**Available data**
◆ ◆ ◆ ◆ ◆

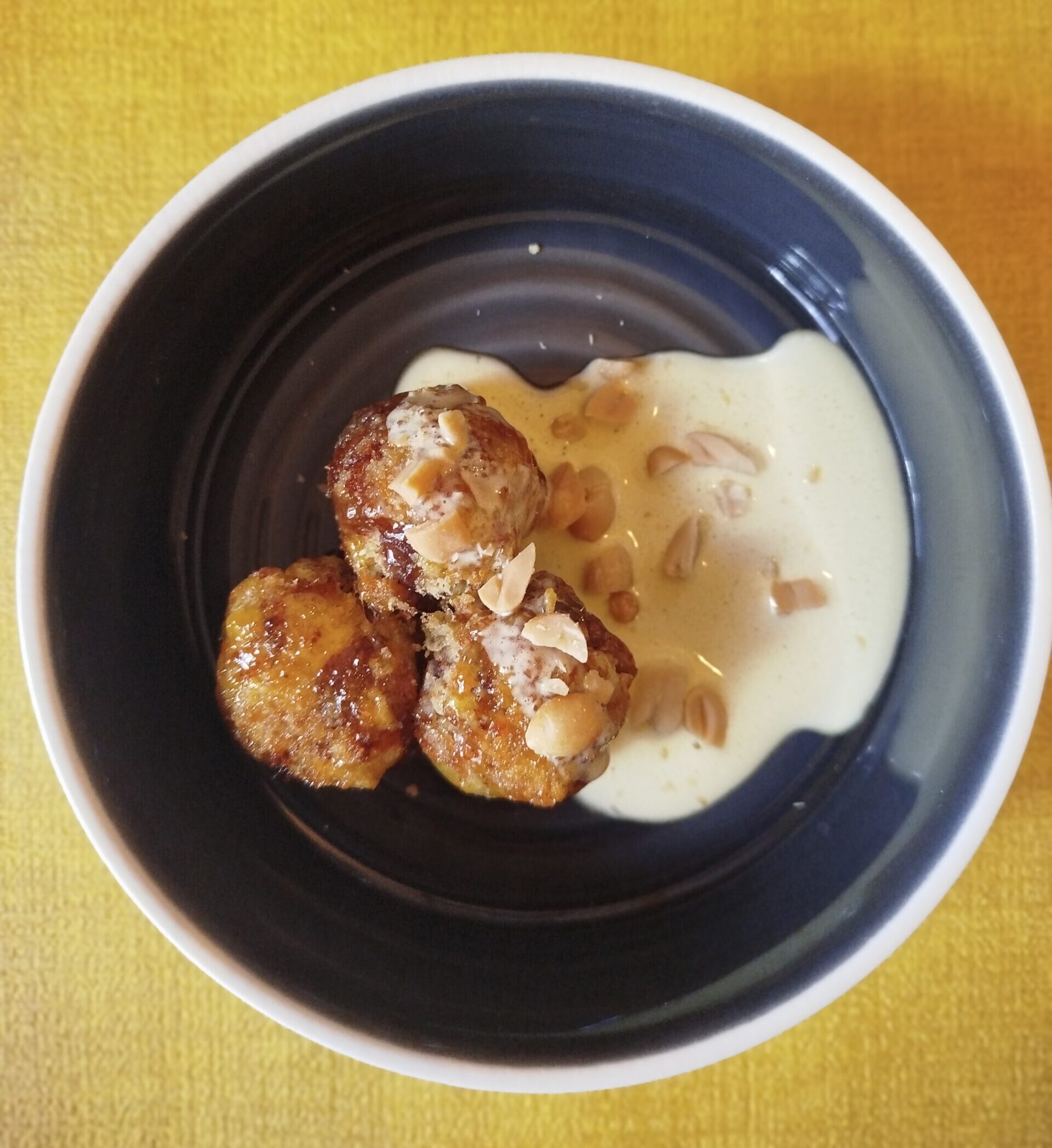 polpette di panettone caramellato, zabaione all’amaro siciliano “Mannamaru”, arachidi tostate
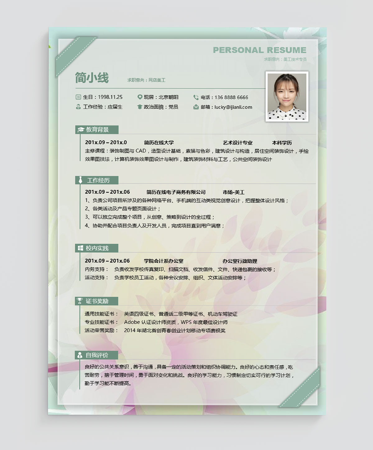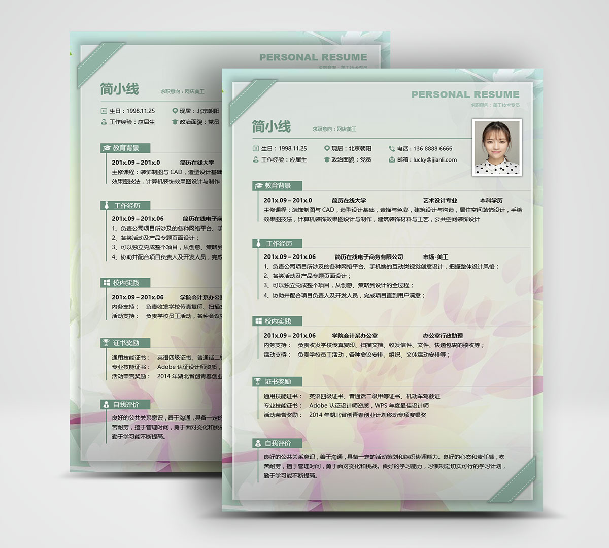 所下载的简历模板均可以全元素修改,编辑。全元素是指模板的所有内容,如文字、标题、图标、背景色、照片等等,这些均可以做添加、删除、复制、修改、替换等动作。
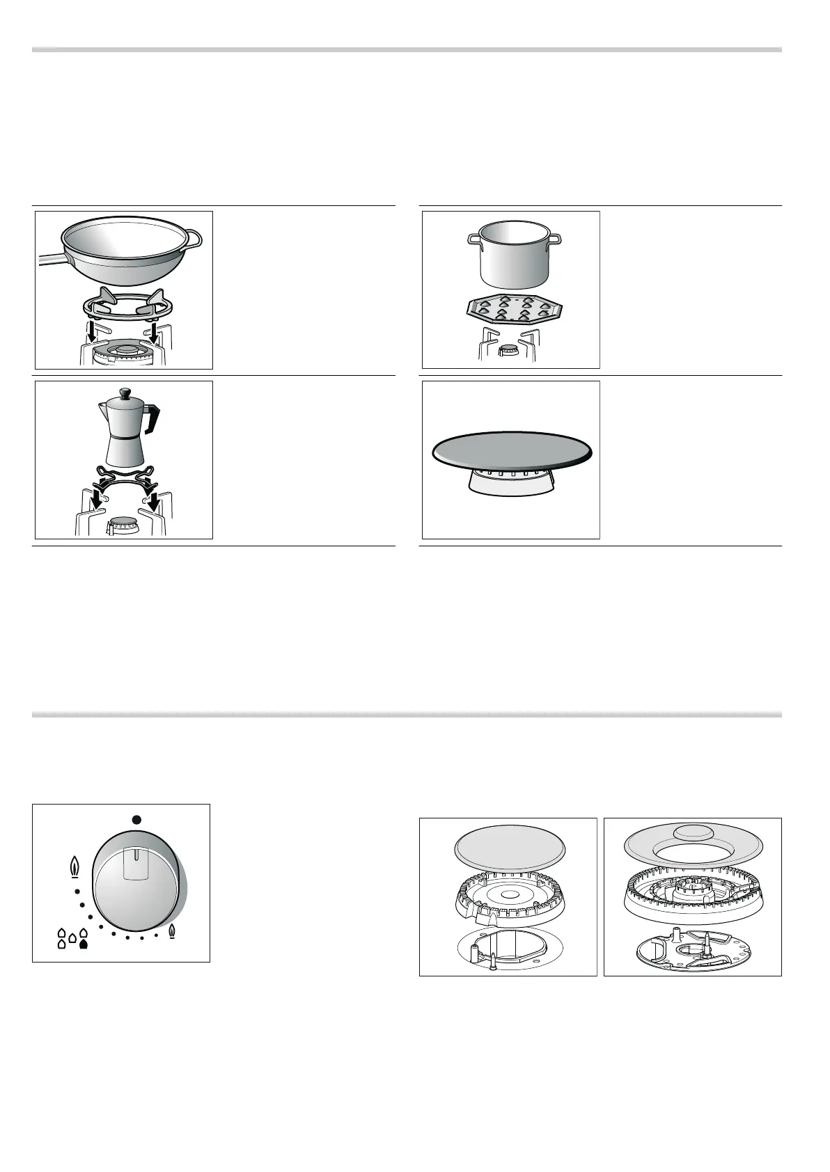 Följande tillbehör kan medfölja spishällen, beroende på modell.

◆ ◆ ◆ ◆ ◆

No pictures belong in the output. It should reproduce exactly the lines from the one containing "所下载的简历模板均可以全元素" through the end of the data, both ends included.

 所下载的简历模板均可以全元素修改,编辑。全元素是指模板的所有内容,如文字、标题、图标、背景色、照片等等,这些均可以做添加、删除、复制、修改、替换等动作。
 Följande tillbehör kan medfölja spishällen, beroende på modell.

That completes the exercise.